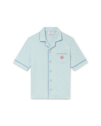 The monogram towelling shirt is a short-sleeve design crafted from a monogram cotton blend towelling fabric and features the house's signature diamond logo. Completed with a breast pocket, contrast piping, gold rim pearl buttons and a Cuban collar. - Monogram towelling fabric - Main: 86% cotton 13% polyamide 1% elastane - Contrast: 100% polyester - Applique: 95% viscose 5% polyester - Colour: light blue - Made in Portugal - Fits true to size, take your regular size - The model is 186cm/6'1 and is wearing a size M
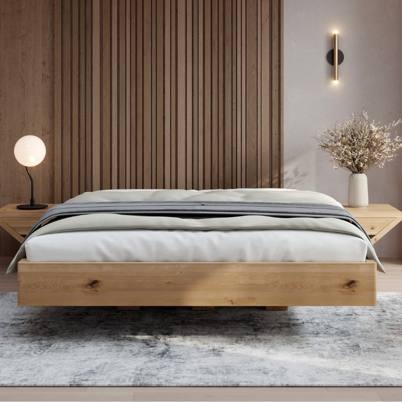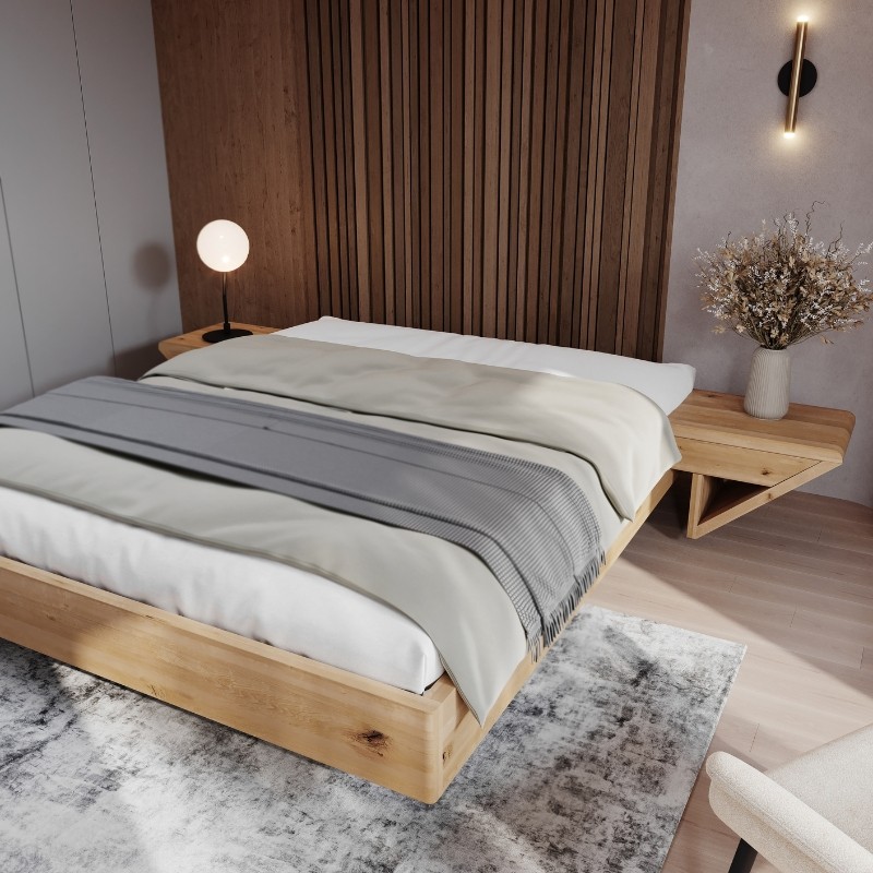 Łóżko ZEN Lite z dzikiego dębu – lewitująca forma, naturalna siła
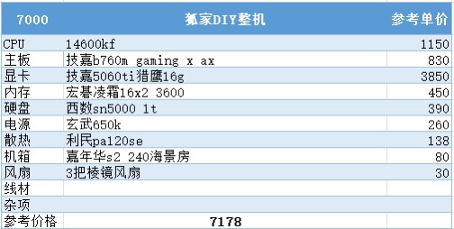 下面这套就是纯粹的性能了,b570在这个价位可以说无敌手,1080p轻松拿捏多数游戏。
◇ ◇ ◇
WHAT IS NEEDED :: Each line from the one that holds "Łóżko ZEN Lite" through the final line of the data must be retyped exactly; the pictures must not appear.

SOLUTION FOR THIS PROBLEM ::
 Łóżko ZEN Lite z dzikiego dębu – lewitująca forma, naturalna siła
 下面这套就是纯粹的性能了,b570在这个价位可以说无敌手,1080p轻松拿捏多数游戏。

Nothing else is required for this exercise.